» **Information provided**:
- Opening Delimiter -
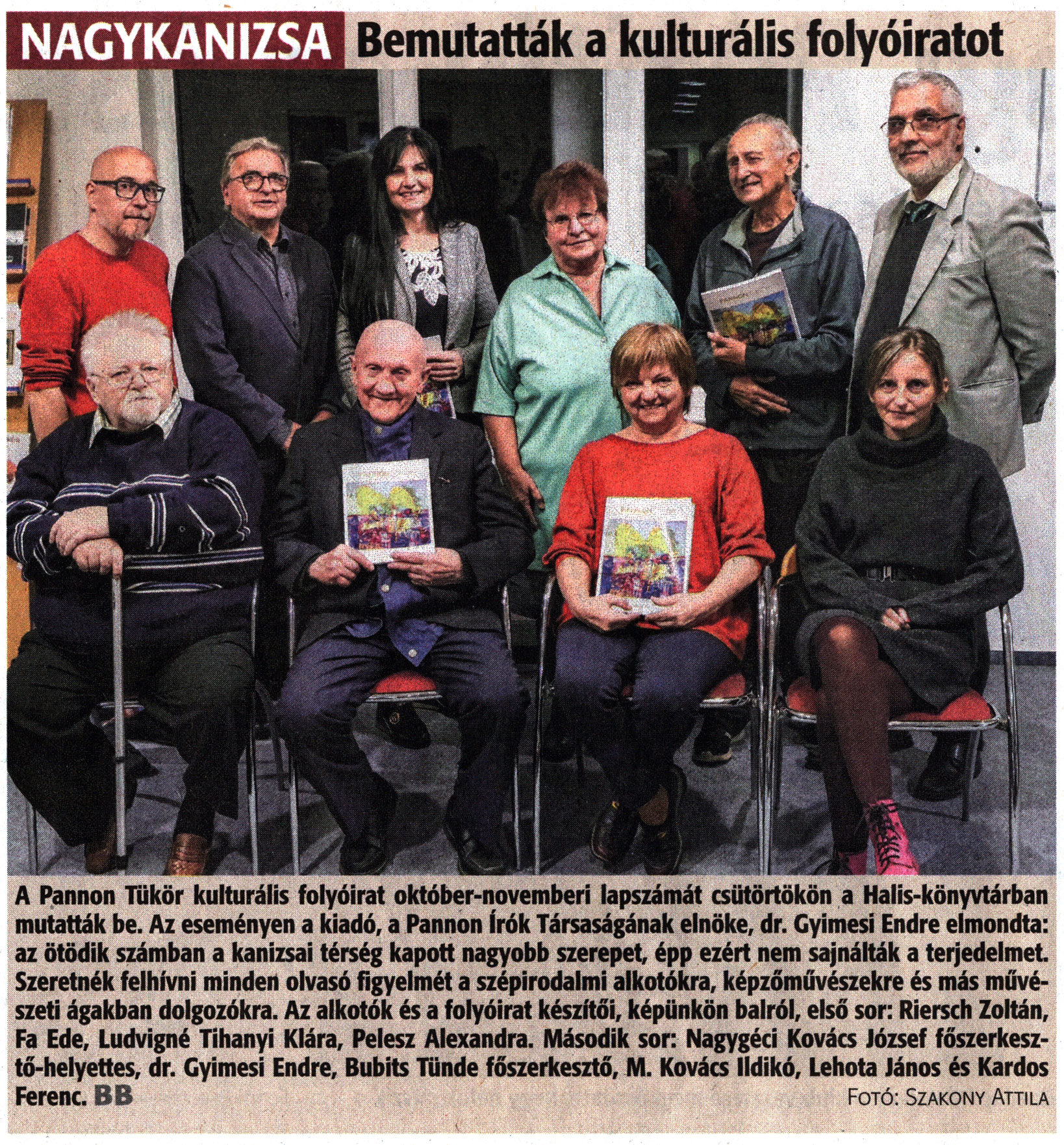 Nyilvános 1071 | 1564 | Zalai Hírlap 2022. november 11. 263. szám 16. oldal | NAGYKANIZSA Bemutatták a kulturális folyóiratot A Pannon Tükör kulturális folyóirat október-novemberi lapszámát csütörtökön a Halis-könyvtárban mutatták be. Az eseményen a kiadó, a Pannon Írók Társaságának elnöke, dr. Gyimesi Endre elmondta: az ötödik számban a kanizsai térség kapott nagyobb szerepet, épp ezért nem sajnálták a terjedelmet Szeretnék felhívni minden olvasó figyelmét a szépirodalmi alkotókra, képzőművészekre és más művészeti ágakban dolgozókra. Az alkotók és a folyóirat készítői, képünkön balról, első sor: Riersch Zoltán, Fa Ede, Ludvigné Tihanyi Klára, Pelesz Alexandra. Második sor: Nagygéci Kovács lózsef főszerkesztő-helyettes, dr. Gyimesi Endre, Bubits Tünde főszerkesztő, M. Kovács Ildikó, Lehota János és Kardos Ferenc. BB Fotó: Szakony Attila |
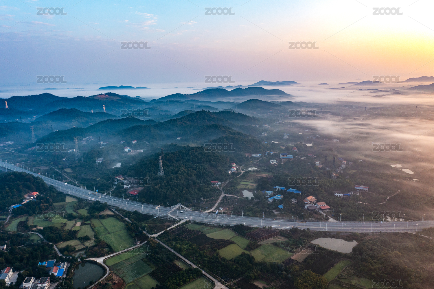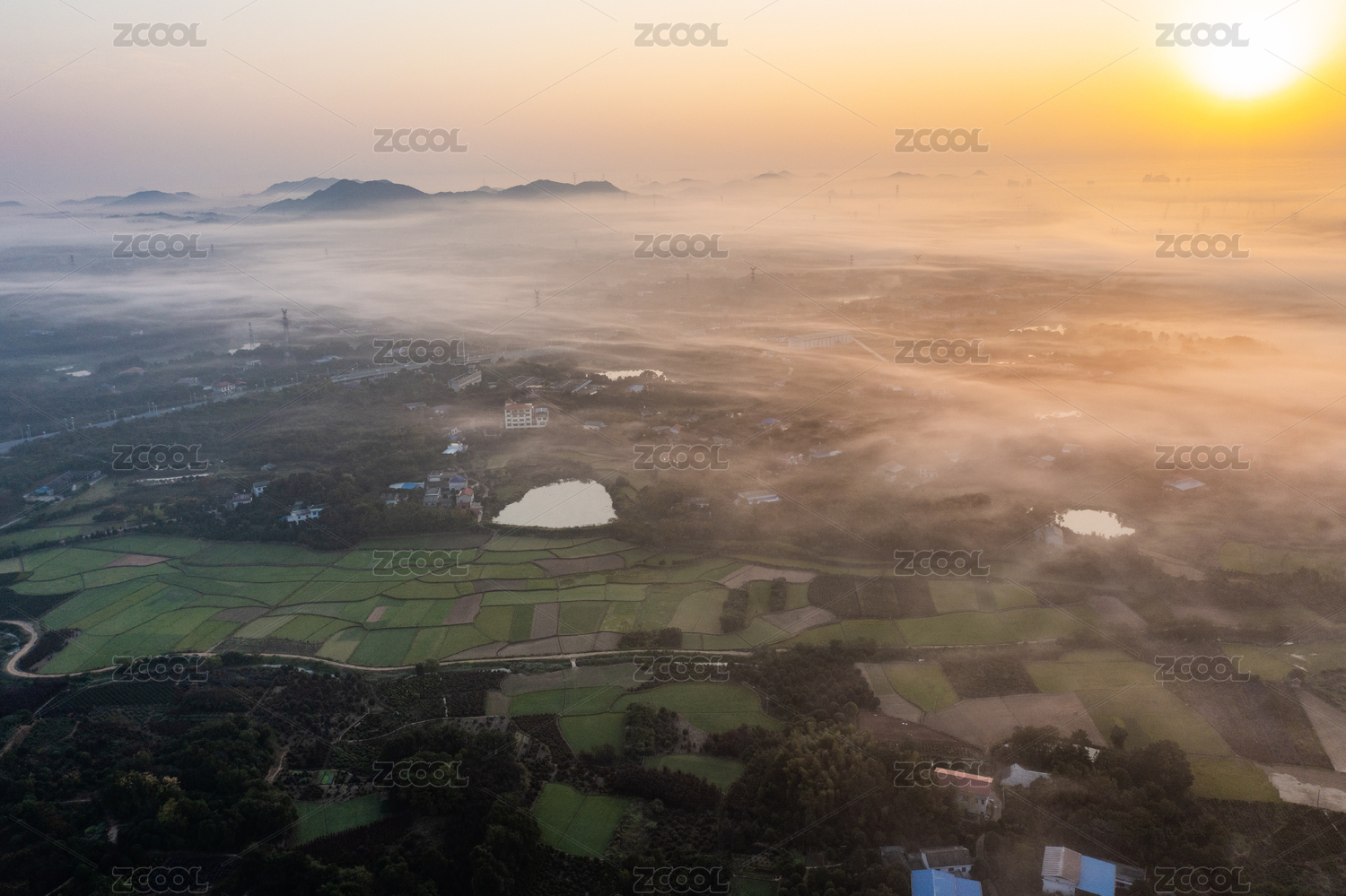 长沙,航拍,跳马镇,晨雾,日出,秋天,秋季,石燕湖,乡村,农村
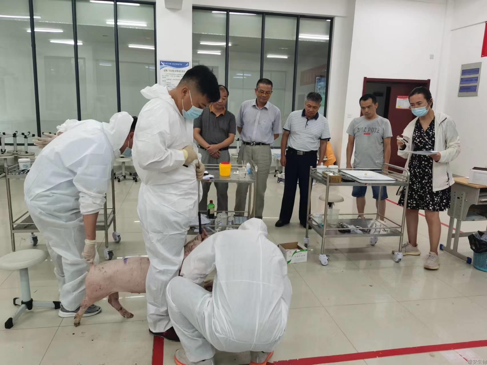 2022年8月19日,淮安市农业农村局周伟丁副局长、淮安市动物疫病预防控制中心蒋锁俊主任来我校看望参加江苏省动物疫病防治员技能大赛集训的三名选手,赵守东副校长、动物工程系陈剑主任陪同检查了三名选手的集训情况。
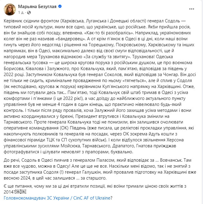 По информации Безуглой, "Содоль в Одессе пьянствовал с генералом Паласом, который отвечает за ... Волчанск".
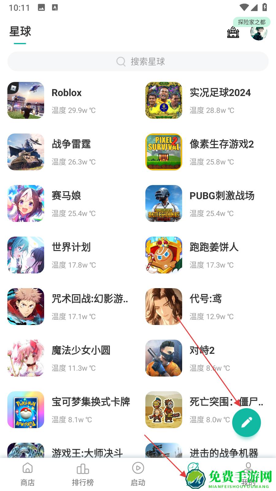 1、打开OurPlay软件,点击底部导航栏星球进入社区界面,在界面右下角点击绿色铅笔图标进入发帖编辑页面。
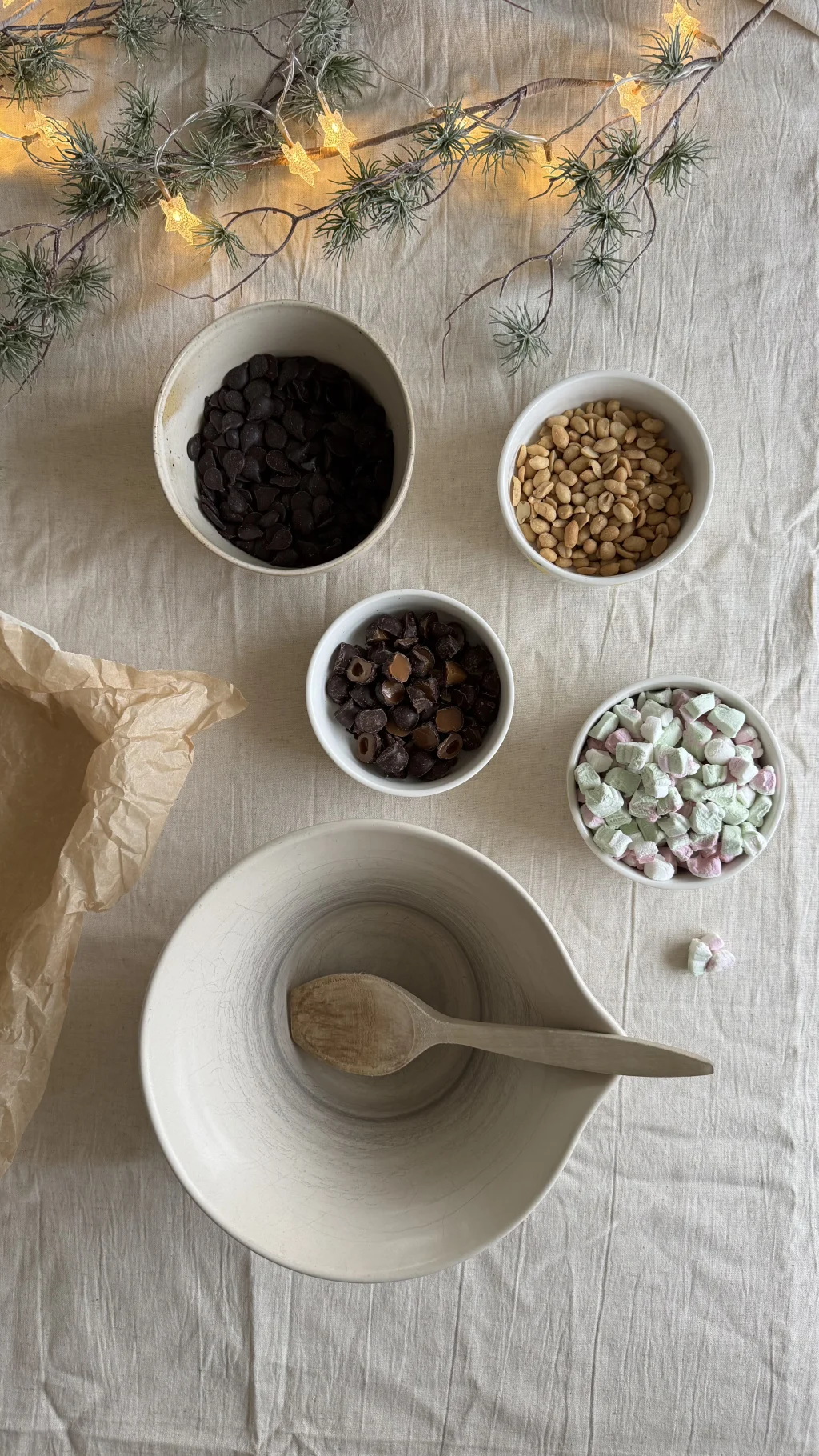 Hak mandler og karameller og klip juleskum i små bidder.
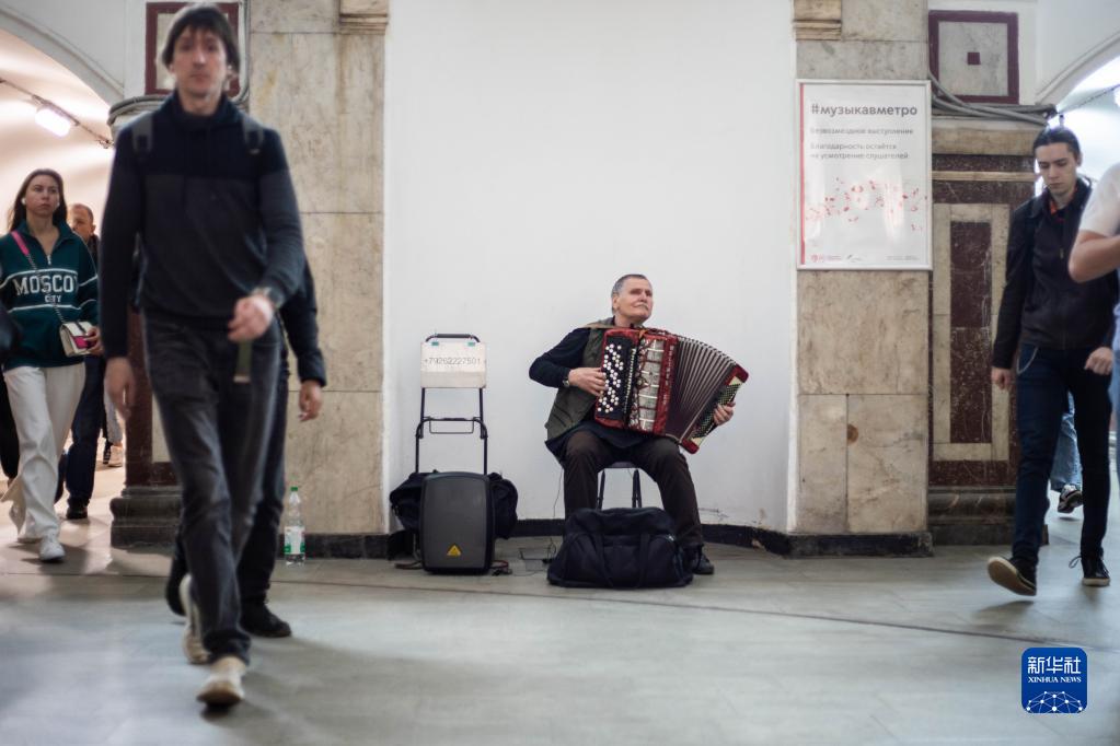6月6日,在俄羅斯首都莫斯科,一名巴揚演奏家在地鐵站內表演。
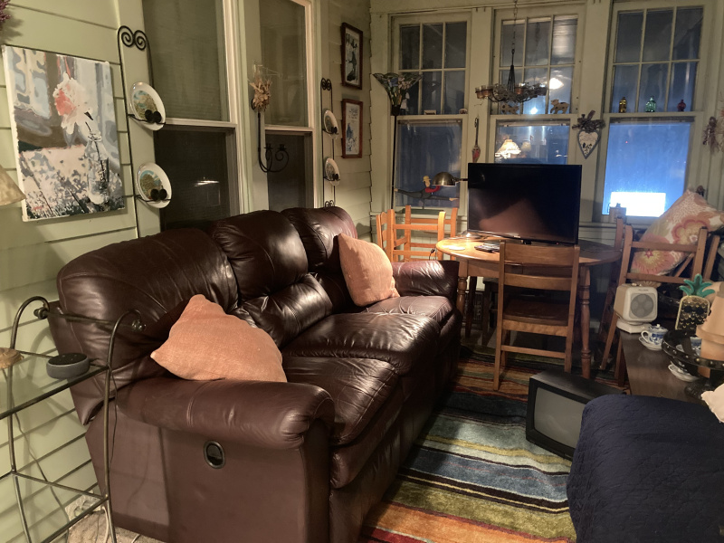 New sofa - ignore the junk on my end table.Sofa now on the front porch. Ignore the way TOO much stuff out there.
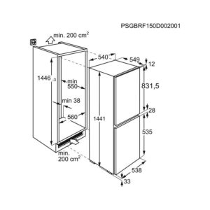 Ugradbeni kombinirani hladnjak 300 LowFrost sa ledenicom dolje, hladnjak 160 L, ledenica 57 L, Energetska klasa F, LOW FROST, 35 dB, Bijela vrata – desna ili lijeva, potpuna klizna ugradnja, elektronske kontrole na dodir u hladnjaku sa LCD ekranom, hladnjak sa 3 velike staklene police + 2 ladice za voće & povrće, FLEKSIBILNA ledenica sa 2 velike ladice, Dimenzije u cm: 144,1 V x 54 Š x 54,9 D
- Closing Delimiter -
» **How to complete this task**: Between and including the line above that contains "2022年8月19日,淮安市" and the line that contains "Hak mandler og", restate every line word for word. Pictures stay out.

» **Exercise response**:
 2022年8月19日,淮安市农业农村局周伟丁副局长、淮安市动物疫病预防控制中心蒋锁俊主任来我校看望参加江苏省动物疫病防治员技能大赛集训的三名选手,赵守东副校长、动物工程系陈剑主任陪同检查了三名选手的集训情况。
 По информации Безуглой, "Содоль в Одессе пьянствовал с генералом Паласом, который отвечает за ... Волчанск".
 1、打开OurPlay软件,点击底部导航栏星球进入社区界面,在界面右下角点击绿色铅笔图标进入发帖编辑页面。
 Hak mandler og karameller og klip juleskum i små bidder.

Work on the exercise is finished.